Moreover, the number of syllables per word, which acts as a reliable proxy for word frequency, and sentence length do not always capture the reading complexity of a text accurately. Hence traditional metrics have been proved to be unreliable.
Most recently the work done in this direction was:
- Detailed analysis of syntactic complexity based on parse trees has been combined with language models and traditional measures in readability research (Heilman et al., 2007; Pitler and Nenkova, 2008; Schwarm and Ostendorf, 2005).
- Besides three traditional measures (average sentence length, average number of syllables per word and Flesch-Kincaid score), Schwarm and Ostendorf (2005) used Charniak’s parser (Charniak, 2000) and higher order n-gram (n = 3) models over a combination of word and part-of-speech (POS) sequences to capture syntactic and semantic features. The four parse features include average parse tree height, average number of noun phrases, average number of verbphrases, and average number of “SBAR”s (relative clauses).
- Pitler and Nenkova (2008) for the first time looked at readability factors at all three linguistic levels: lexical, syntactic and discourse. They analyzed six classes of features: traditional readability factors such as average number of characters per word, average sentence length, maximum number of words per sentence, document length, vocabulary-based unigram features, four parse syntax given by Schwarm and Ostendorf and mentioned above, elements of text cohesion and discourse relations.
The thesis approaches readability from a text comprehension point of view, with special attention to discourse processes that are crucial for constructing and maintaining local and global memory coherence of a text, which is key to successful text comprehension.

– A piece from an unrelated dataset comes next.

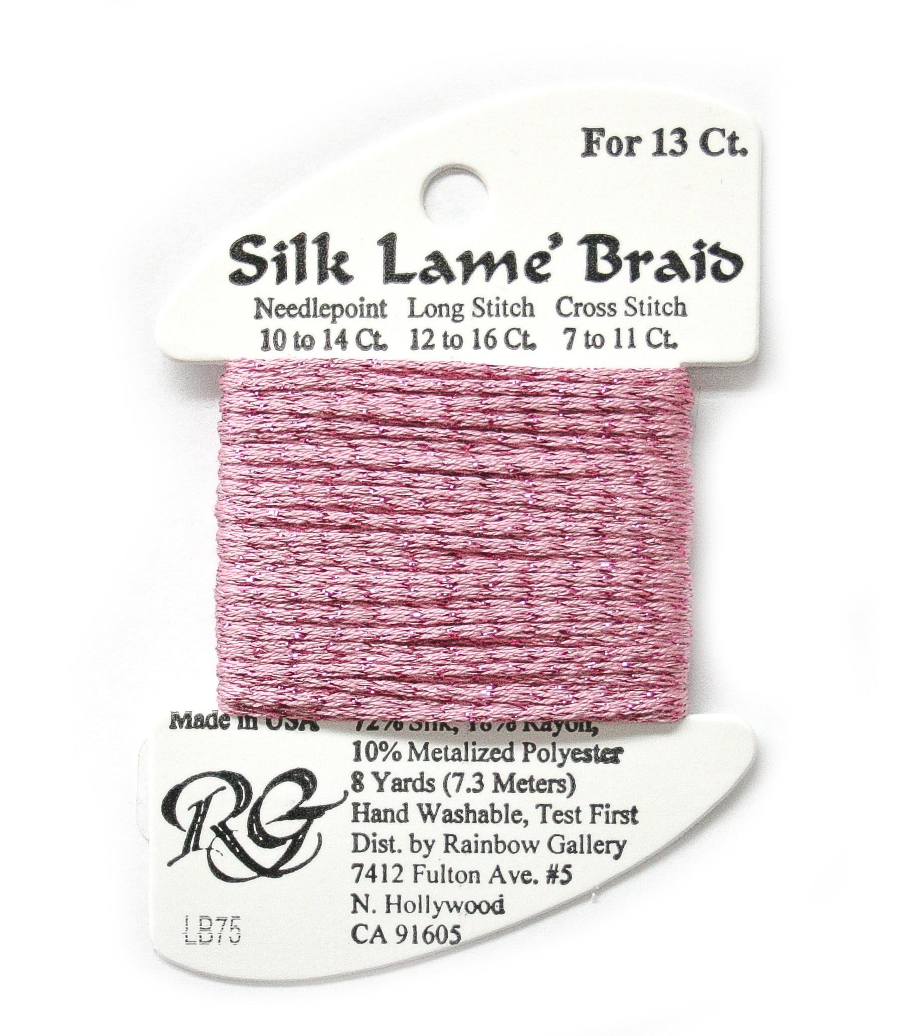 This is Silk Lame Braid 13 from Rainbow Gallery in color 075 Wild Rose. A great thread for adding sparkle to 13 mesh projects. Use as-is on 13 mesh.

These discourse processes reflect the reader’s comprehension task and can be useful in predicting the complexity of a text. Advanced NLP techniques have been applied to implement three classes of novel discourse features that have not been studied by anyof the previous research.
The study does not rely on a single measure of readability and combines various proxies, such as paired original/simplified corpora, grade levels, subjective ratings by experts and users, and objective observations in our user studies, to get at those underlying text properties that are associated with reading difficulties.

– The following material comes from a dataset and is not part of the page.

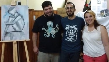 ADEU (Asociación de estudiantes universitarios de Berazategui) es un espacio plural, transparente y de libre expresión y, gentilmente, abrió sus puertas a la segunda presentación de la novela "Kilómetro 26". Para la ocasión conté con la presencia del escritor Ángel Daniel Solís, que ofició de presentador, y de Noelia Pottes, artista plástica de la zona que hacía poco tiempo había participado de una muestra en el Museo del Louvre, quien participó con una pintura alusiva a la novela y mostró algunas de sus obras. La banda de Andrés Garvie (guitarra y voz), Juan Ignacio Duarte (bajo) y Marcelo Leonel Acosta (batería) dio el presente para cerrar el evento con su banda "Jinetes cósmicos". Agradezco a Marcelo, uno de los coordinadores del Berazategui Rock, por la buena predisposición al ponerme en contacto con los músicos y a ellos por la amabilidad de tocar en vivo.

The methods employed in the paper consist of four major parts:
- Data collection
- Feature extraction and implementation
- Building and evaluating the tool on labeled corpora
- Testing and evaluating the tool on unlabeled texts from different domain.
The main corpus for the study consists of texts with reading difficulty annotated by elementary grades level ranging from Grade 2 to 5. The corpus is used to build and evaluate our automatic text readability assessment tool.
Two ways are given to assess how well the readability assessment tool generalizes texts from different domains:
- First, two corpora are manually created consisting of original and simplified texts adapted specifically for adults with mild intellectual disabilities. The automated readability assessment tool gives the grade levels to predict the reading difficulty of original and simplified texts contained in these two corpora.
- Second, the correlations between grade level predictions by our tool, expert ratings, and inferred text difficulty for adult participants with mild intellectual disabilities have been compared.
Hence the general methodology relies on the following five proxies:
- Grade levels: Grade levels indicate the number of years of education generally required to understand the text. It is generally understood that reading difficulty increases with grade level.
- Paired original/simplified texts: A common assumption is that simplified texts should be easier to read.
- Subjective ratings by experts: Experts who have linguistic expertise or specialize in working with adults with ID were asked to rate text difficulty.
- Objective observations in user studies: Target users with texts at a variety of difficulty levels are taken and their reading times are recorded. Subjects will answer simple comprehension questions afterwards, and the accuracy of their answers are analyzed. This will give the most direct clues about the difficulties faced by the target user group, even though we will need to account for per subject and other effects·
- Subjective (introspective) ratings by users: This will probably be especially problematic in the study, as the users’ subjective judgment may not be fully reliable because of their cognitive impairments.
Research Hypothesis
The thesis proposes to design and implement four classes of novel discourse features that will best reflect working memory burden posed on the reader’s attempt to understand a text: density of entities, lexical chains, coreferential inference features and local entity coherence features.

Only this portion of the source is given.